White lightning arced from the screen through the man's body, and he fell back with an agonized scream that abruptly cut off, jerking and twitching for a few moments before lying still. The man's dying noises stood in stark contrast to the high-pitched turret chatter of targets acquired, the clear superiority of the New Order, and wishes of eternal life for the Emperor even as their victim's life bled away at their feet.

"There are those whose sole purpose in life is to serve as warnings to others," the unmoved scientist remarked after the man's twitching corpse had finally subsided, his expression unchanged. 

Static. 

Luke buried his face in his hands, willing himself not to cry. To let her see how badly shaken he was gave her even more power over him. _Breathe,_ he told himself. _A Jedi is calm. At peace. One with the Force. I can't win if I give into hate._

It was tempting, though. If he were to yield to his darker instincts, could he tear the walls apart, rip the corridors to shreds, pull himself out by brute force? Or would he just get himself killed by knocking the whole place down around him? The risks--both spiritual and physical--outweighed any possible benefits. 

Giving into exhaustion, though, sounded _wonderful_. But he was afraid that if he gave up and stopped moving, he might never get up again. Or, worse, the Will might find some exceptionally unpleasant way to motivate him. 

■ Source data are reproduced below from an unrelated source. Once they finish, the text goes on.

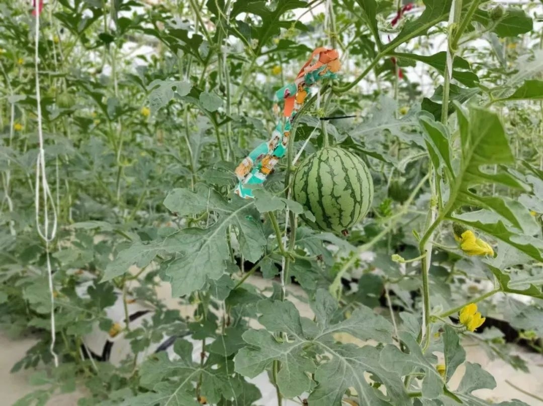 不仅是小番茄,今年,基地的西瓜种植预计也将迎来丰产。通过前期的精准管控,陆东升严格疏果筛选,每棵瓜藤上仅保留一颗西瓜,目前种植的小皇冠、小兰、8424等西瓜品种长势良好,最快的预计今年5月可以上市。
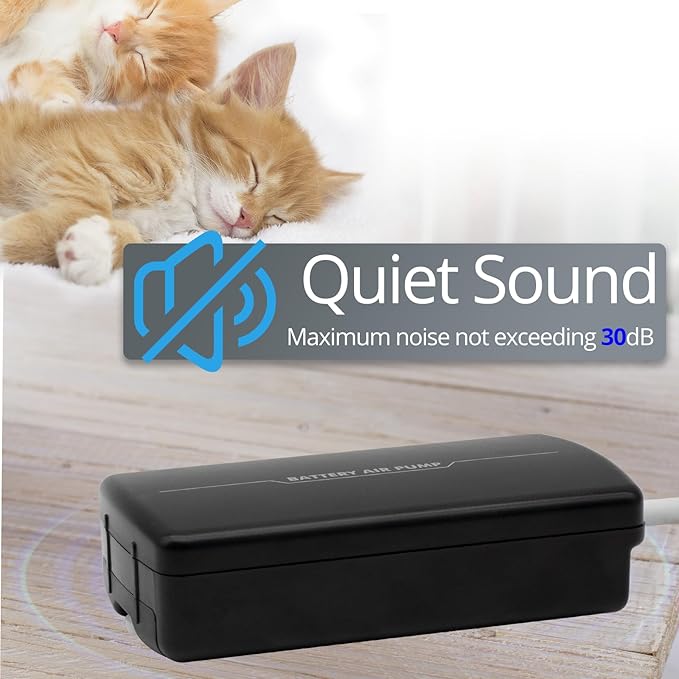 - [Attention]: The product cannot be fully submerged. When the Aquarium air pump is equipped with a battery, connecting the USB cable will automatically power off the battery. In this case, power will be supplied through the USB cable, and the USB cable will not provide power to the battery. Regularly clean the air inlet and gas stone to avoid reduced air volume and damage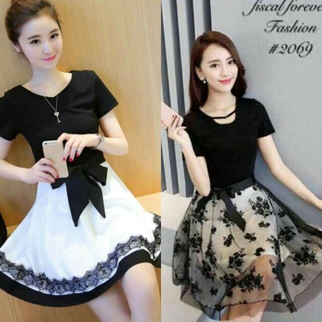 Classy Korean Dress With Lace Shopee Philippines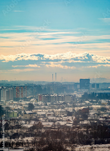 © onyx124, Obraz premium Ivano-Frankivsk city in haze on a winter day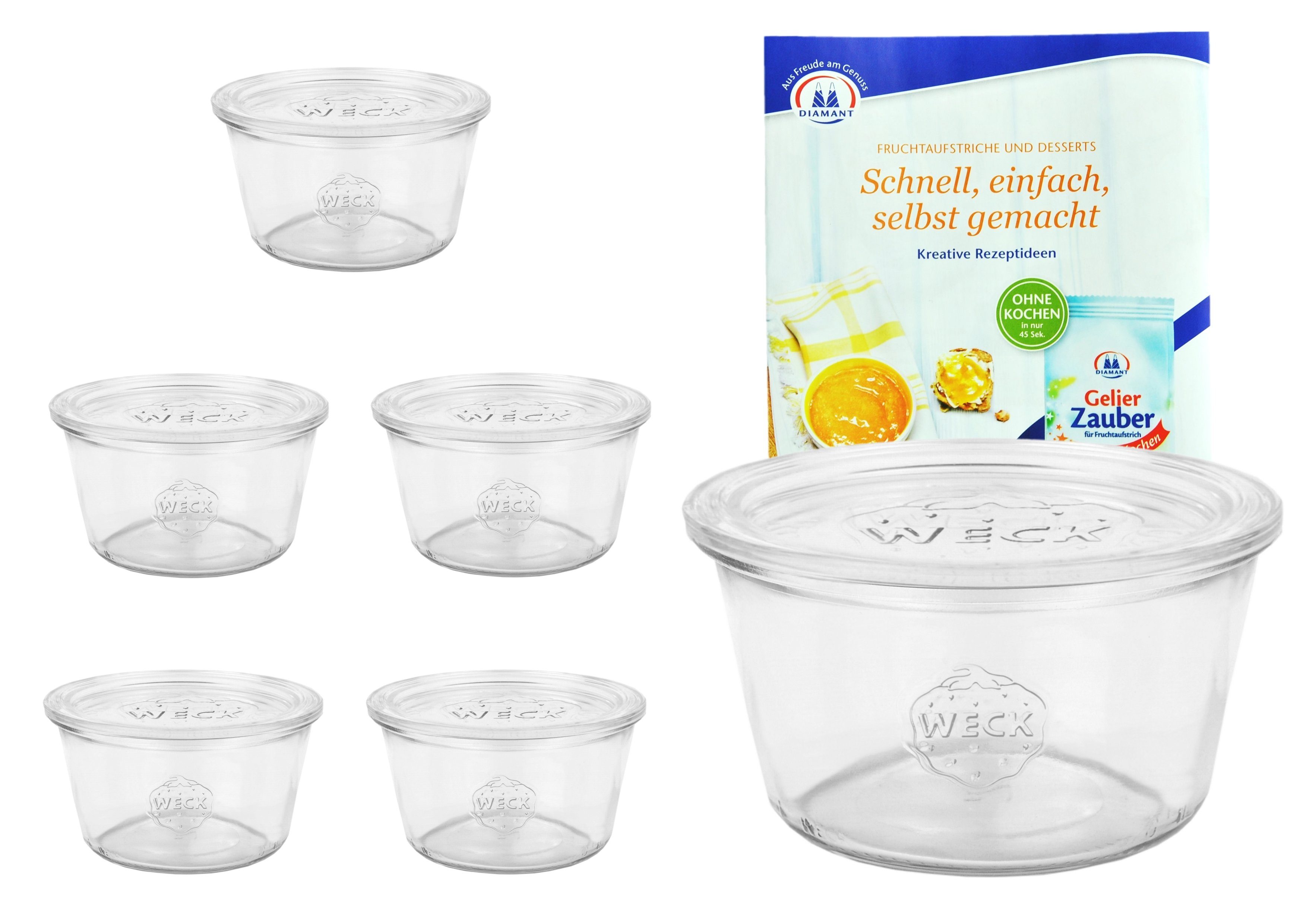 Vorteile: Die glatte Oberfläche lässt sich kinderleicht reinigen und trocknet blitzschnell. Kuchen kann direkt im Glas gebacken werden, denn WECK-Sturzgläser sind backofentauglich. Auch Einfrieren ist möglich. Schauen Sie gern nach den unterschiedlichen Verschlussmöglichkeiten! Zu heftige Temperatursprünge sollten unbedingt vermieden werden. GRATIS zu Ihrer Bestellung erhalten Sie bei uns das Heft mit kreativen Rezeptideen.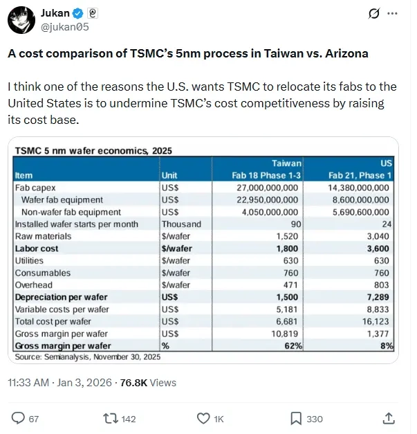 根据分析师Jukan在X平台分享的SemiAnalysis汇总数据,台积电若在美国生产芯片,其利润率会面临大幅下滑。他还指出,美国推动台积电将晶圆厂迁往美国的原因之一,可能是想通过增加该公司的成本来降低其竞争力。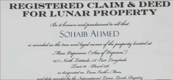 ▼他透過「月球定居協議」(Lunar Settlement Initiative),向「國際月球土地註冊局」(International Lunar Lands Registry)購買了蒸氣海這片土地,而這樣的一片土地其實只花了阿梅德45美元(約新台幣1310元),而當未婚妻瑪迪哈(Madiha)向親友炫耀時,朋友們都還不太相信,直到看到了美國寄來的「月球地契證明」,這才信服了這件寵妻無極限的事。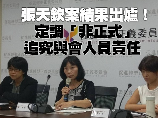 促進轉型正義委員會委員兼發言人楊翠21日召開記者會,公布「0824非正式會議」相關事項初步調查結果,報告「定調」前副主委張天欽被披露的談話內容都是「非正式會議」,但發言仍屬嚴重失當,將追究與會相關人員責任。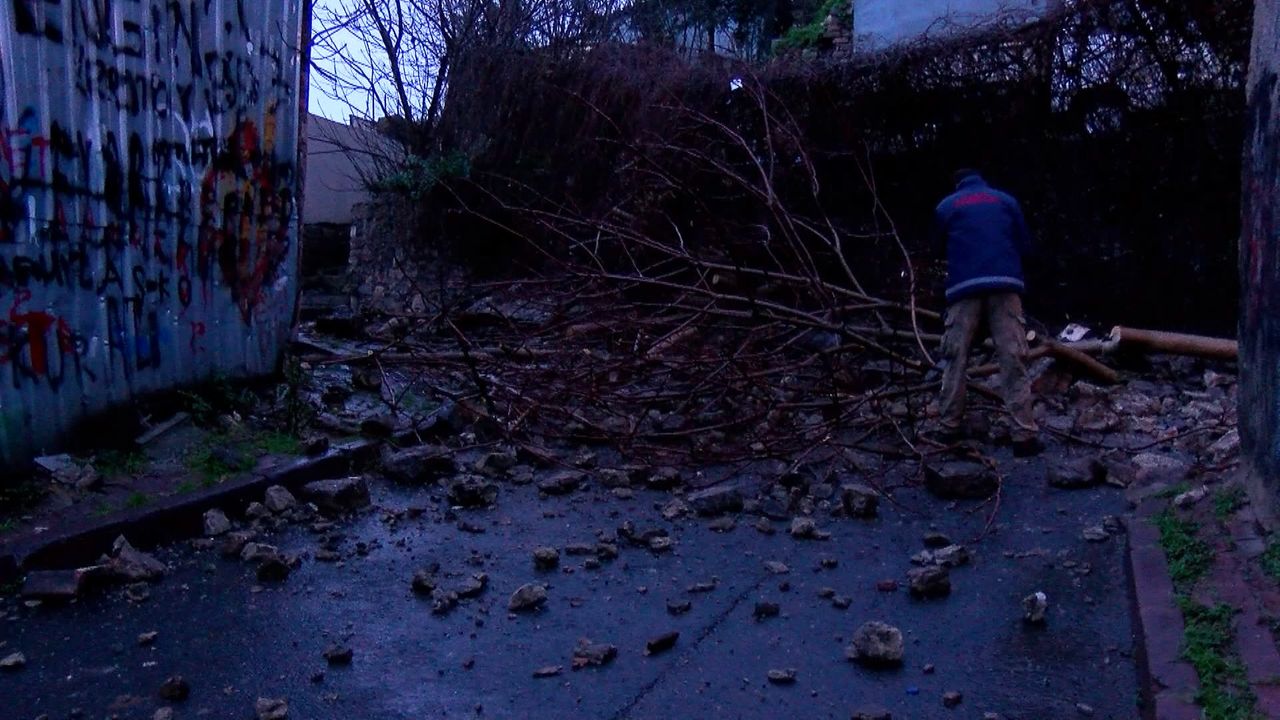 Baran AKKAYA-Utku Can SÖNMEZ/İSTANBUL,(DHA)-İSTANBUL genelinde etkili olan yağış nedeniyle Fatih'te istinat duvarı çöktü. Olayın ardından trafiğe kapatılan sokakta ekipler yola dökülen parçaları kaldırmak için çalışma başlattı.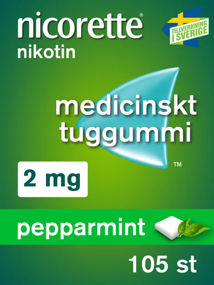 Nicorette nikotintuggummi är för dig som vill sluta röka och bli rök och nikotinfri, även från nikotinläkemedel. Nicorette tuggummi tillverkas i Helsingborg sedan 1978 och är Sveriges mest köpta nikotintuggummi. Nicorette tuggummi är kliniskt bevisat att lindra röksug, nikotinbegär samt abstinenssymtom såsom ångest, irritation och ökad aptit. Nicorette tuggummi finns i fyra olika smaker; fruktmint, pepparmint, mentolmint och en neutral smak. Nicorette tuggummi finns också i två olika styrkor, 2 mg för dig som röker färre än 20 cigaretter per dag och 4 mg för dig som röker fler än 20 cigaretter per dag. Regelbunden användning länge än 12 månader rekommenderas normalt inte och behandlingen bör pågå minst 3 månader, därefter bör antalet tuggummin per dag trappas ner. För att maximera chanserna att lyckas är det viktigt att inte underdosera. För extra stöd vid högt nikotinbegär (om du röker fler än 20 cigaretter per dag eller tidigare misslyckats att sluta röka) – kombinera Nicorette plåster och 2 mg tuggummi för att öka dina chanser att lyckas sluta (jämfört med om du endast använt ett nikotinläkemedel). Plåster ger kontinuerligt stöd under dygnets vakna timmar medan nikotintuggummi lindrar akuta toppar av röksug när det slår till. Funderar du på att sluta röka med hjälp av snus? Prova istället Nicorette tuggummi!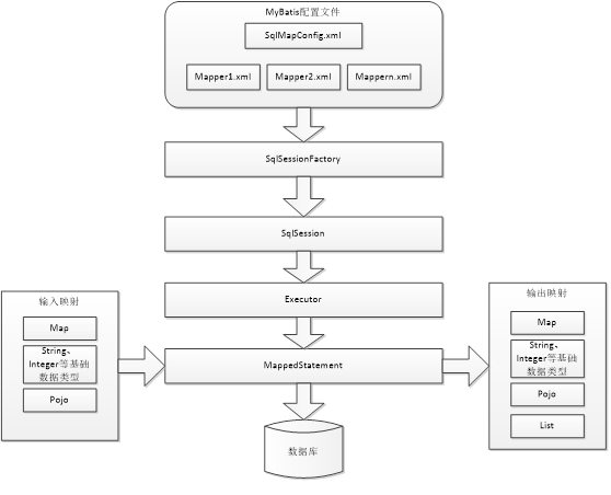 可以看到对于开发人员来说整个流程是这样的:开始–>获取SqlSessionFactory–>通过SqlSessionFactory打开一个SqlSession–>通过SqlSession与数据库进行交互–>结束流程。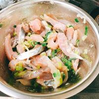 - 準備 アジは皮と気になる小骨を除いておきます。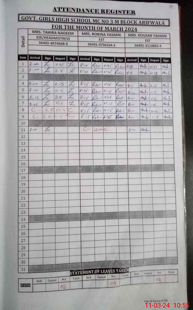 | 36**** | Ab**** Ha**** | Regular | 29 | 0 | 0 | 29 | 0 | 0 | 0 | 0 | 0 | Maternity | |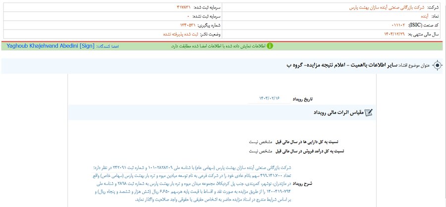 به گزارش صدای بورس، شرکت بازرگانی صنعتی آینده سازان بهشت پارس از اعلام نتیجه مزایده- گروه ب منتهی به سال مالی ۱۴۰۴/۱۲/۲۹ خبر داد.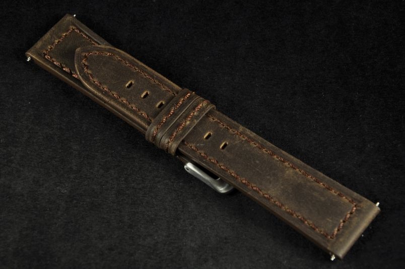 Skórzany pasek wykonany ze skóry typu zamsz. Przyszyty ciemną nicią. Pogrubiany na płasko do 4,5mm przy zegarku, dalej cieniowany do 3mm. Podwójna szlufka, stalowa klamerka. Pasek o lekko wojskowym, surowym charakterze.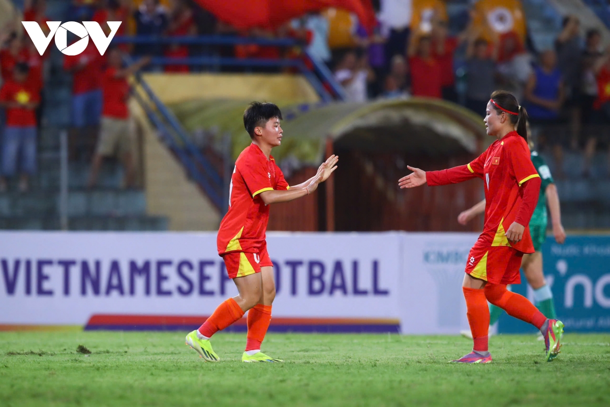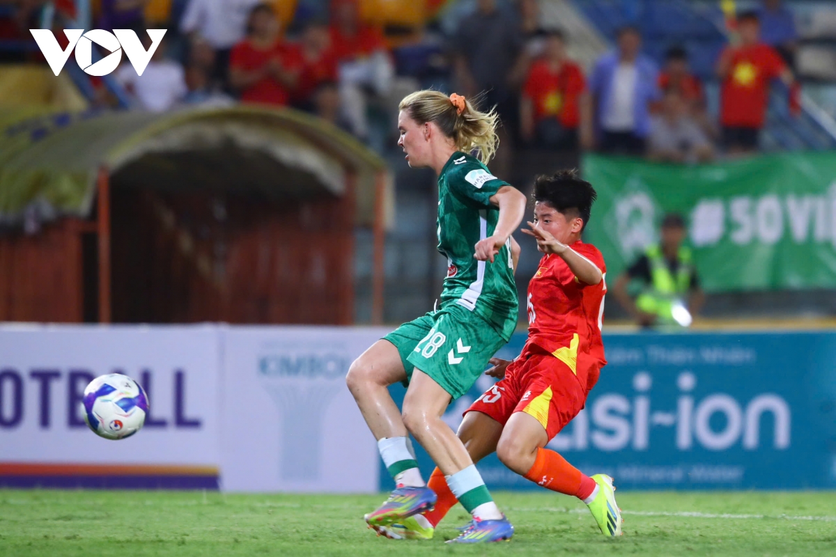 7 phút sau đó, Hải Yến bỏ lỡ cơ hội ghi bàn bằng vàng khi đệm bóng lên trời từ khoảng cách 2m khi khung thành đội khách đã bỏ trống. Tuy nhiên, ĐT nữ Việt Nam không phải chờ đợi quá lâu. Phút 64, Ngọc Minh Chuyên bứt tốc và dứt điểm tạo siêu phẩm, rút ngắn tỉ số xuống còn 1-2.

When the door swished open at last, Luke found himself staring straight at the eclision grid blocking his path. It turned out, of course, that the portal device let you bypass them if you were clever about their placement. 

"Very impressive," said the Will when he had finished. "Please note that any appearance of danger is merely a device to enhance your testing experience." 

Luke ground his teeth and didn't answer. 

*** 

After a long walk down an empty, windowless corridor, he looked up to see a clear tube extending from an open vent in the ceiling, though the end was solidly metal. There was a Weighted Storage Cube at the top, waiting to be released for use in the next test. It was indistinguishable from all the other grey boxes he'd used before--only instead of solid grey, it had a disturbing life-like graphic of a human heart on each side. 

Luke tensed. He knew from experience that his approach would trigger the cube to fall, opening the metal cap for the briefest second. If Luke could jump high enough--and fast enough--before it closed, he might be able to get out of here at last. With all his injuries, it would be a near thing, but he had to try--

Even as the vent opened and Luke jumped, he knew it wouldn't work. The Force was a powerful ally, but there were limits to how fast he could move even under the best of circumstances. The cube fell, he rose, the vent began to close--

\--and he smacked his head into the closed vent and fell to the floor with a thud, thankfully missing a collision with the cube in the process. 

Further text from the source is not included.